FERNANDO DE BARROS E SILVA
Para quem, há menos de uma semana, chupava sorvete de tapioca em plena CPI, não há como negar que a oposição progrediu nos últimos dias. Sua situação hoje, miserável que ainda seja, faz recordar um verso famoso de Carlos Drummond: "Mas tens um cão".
Chame-se o vira-lata pelo apelido oficial -"banco de dados"-, como quer a ministra Rousseff, ou pelo nome próprio -"dossiê"-, o fato é que ele ameaça morder, pela primeira vez, os calcanhares da todo-poderosa. Mesmo que nada mais lhe aconteça, Dilma já ficou de repente mais parecida com Zé Dirceu. O episódio aproxima sua imagem do lado sombrio da Casa Civil.
É pouco provável, porém, que este escândalo - mais um para o museu do governo Lula- venha ter maiores conseqüências, além de provocar rosnados e latidos éticos.
É triste, mas a oposição é incapaz de ir além dos perdigotos cívicos disparados a esmo pelo senador Arthur Virgílio, essa miniatura amazônica do lacerdismo tardio.

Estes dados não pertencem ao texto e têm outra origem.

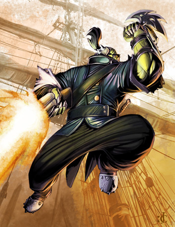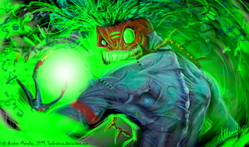 A character sketch for my latest fighter, Smog, in the ImagineFX Fightclub. He won't be getting an outing yet for a while since I've missed the latest Tournament. Follow it here [link]This started as a scribble sketch, I've posted it in my scrapbook [link]
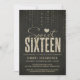 Den här fina, söta 16 födelsedagsfest inbjudan-designen från The Spoted Olive™ har en svart bakgrund med en bild av glatt gems och ord "Sweet sixteen" med stilistiska typeset som innehåller ord 16, fyllda med en bild av guld glitter. OBSERVERA: DEN HÄR KONSTRUKTIONEN INNEHÅLLER ENDAST EN SKRIVEN BILD AV GLITTER; DET FINNS INGEN FYSISK GLITTER SOM ANVÄNDS ELLER INGÅR I; DET FINNS INGA EMBELLISTER. DET HÄR ÄR EN FLAT UTTRYCKD INBJUDAN.Copyright 2013-Present | Spoted Olive™ | Alla reserverade Höger
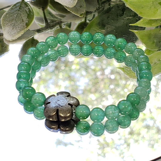 Lucky Green Aventurine Crystal Bracelet wth Pyrite Flower
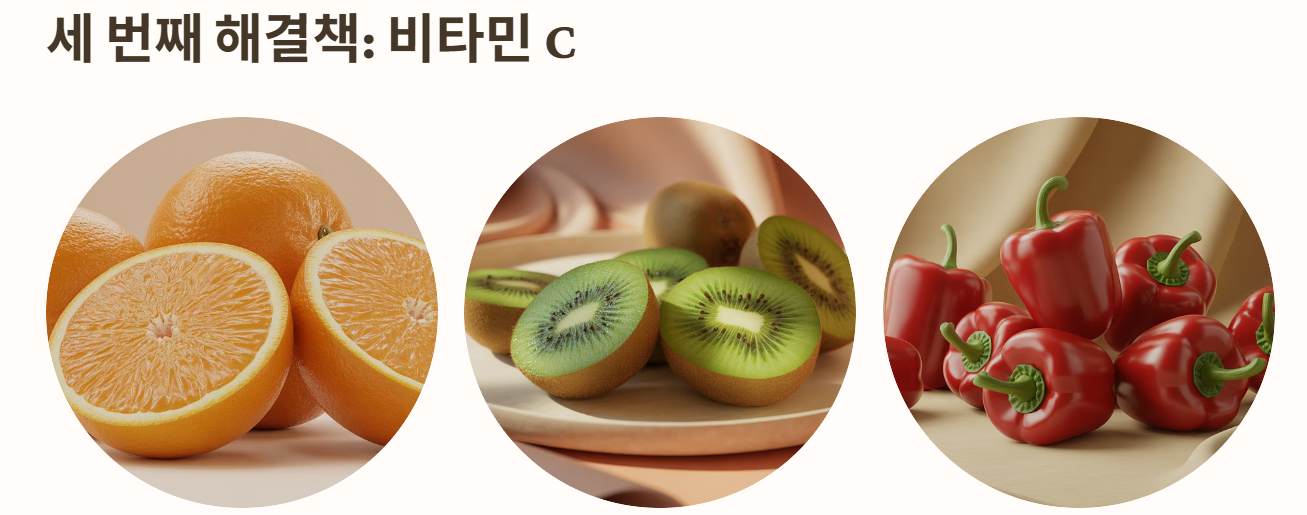 - 식품: 오렌지, 키위, 파프리카, 브로콜리, 딸기
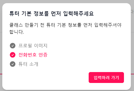 그럼 튜터 기본정보를 먼저 입력해달라고 뜨는데, 프로필 이미지와 전화번호 인증, 튜터 소개를 입력하면 된다.
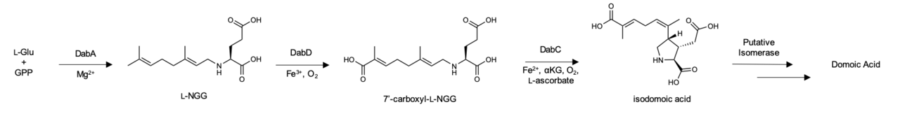 In 2018, using growth conditions known to induce domoic acid production in Pseudo-nitzschia multiseries, transcriptome sequencing successfully identified candidate domoic acid biosynthesis genes responsible for the pyrrolidine core.[11] These domoic acid biosynthesis genes, or 'Dab' enzymes were heterologously expressed, characterized, and annotated as dabA (terpene cyclase), dabB (hypothetical protein), dabC (α-ketoglutarate–dependent dioxygenase), and dabD (CYP450).
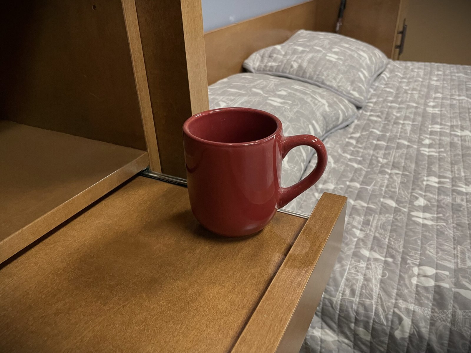 Flanking the bed are two 24″ wide bookcases that provide generous storage and everyday convenience. The upper sections feature adjustable wood shelves, while the lower cabinets include doors and a pull-out drink tray. Each bookcase is also equipped with a built-in charging station that includes two standard outlets, a USB-A port, and a USB-C port, making it easy to power phones, tablets, and other devices.
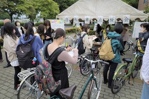 自転車点検会を利用した学生からは「空気入れも持っていないのでありがたい」「普段は点検することがないのでとても助かります」との声がありました。
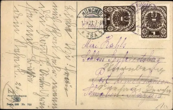 Zustand, siehe Scan, gelaufen, 1921 - ca 9 cm X 14 cm
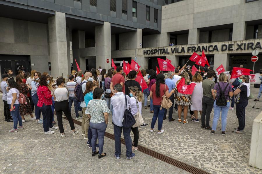 Vila Franca de Xira, 01 jun 2022 (Lusa) — Dezenas de trabalhadores do Hospital de Vila Franca de Xira, a cumprir uma greve de 24 horas, concentraram-se hoje à entrada daquela unidade de saúde para exigirem a adesão à contratação coletiva e semana de trabalho de 35 horas.
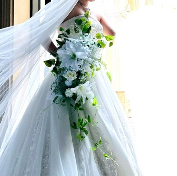 ブライダルフォトのために作ったブーケとブートニアです とてもゴージャスで綺麗です 造花ですのでずっと飾って置けます
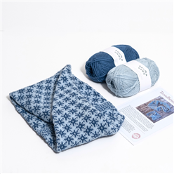 Strikkepakken inneholder mønster på svensk, og garn til en lue i damestørrelse. Luen har 2 latviske fletter og mønsterstrikk i 3 farger på oppbretten, og 2 farger på selve luen.
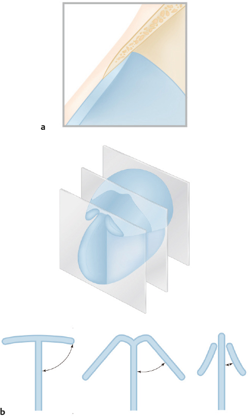 Anatomy of the rhinion area of the osseocartilaginous vault is another important point to understand when performing a hump reduction. There is a broad overlap of the nasal bones above and the septum and upper lateral cartilage (ULC) below (Fig. 5.4a). Many times it is sufficient to remove this bony hump until it reveals the underlying cartilage. There is a change in the shape of the dorsal septum and in its relation with the ULC as it progresses caudally from the bony junction—namely, from a broad “T” shape to a “Y” shape to an “I” shape (Fig. 5.4b). Resection of the dorsal septum while performing hump reduction will destroy this natural anatomy. Reconstruction with regard to the natural thickness of the dorsal septum will prevent aesthetic and functional complications such as the inverted-V deformity and nasal obstruction.

Mais sério, no entanto, é o descaso prepotente da ministra, que deu uma banana à CPI: "Temos mais o que fazer". Rousseff invoca uma suposta trabalheira do cargo para justificar certo desdém pelo jogo democrático. Faz o cidadão de idiota.
Não é preciso muito para perceber que esse e outros abusos estão escorados na popularidade celestial de Lula, digna de um régulo asiático. O lulismo promove a consagração perversa da máxima vocalizada pela "Ópera dos Três Vinténs" (1928), de Brecht: "Primeiro vem o estômago, depois a moral".
O governo usa o êxito de público e a satisfação da clientela que formou na base da distribuição de esmolas para se desobrigar eticamente.
Como quem se vê além do bem e do mal, Lula faz graça para Severino e homenageia em público Renan, o bom companheiro. Empresta seu prestígio ao atraso, de quem se fez sócio, enquanto seu governo cuida da gestão "moderna" da miséria, sem mexer com os poderosos. A alguns pode até parecer teatro épico. Mas é a velha chanchada brasileira.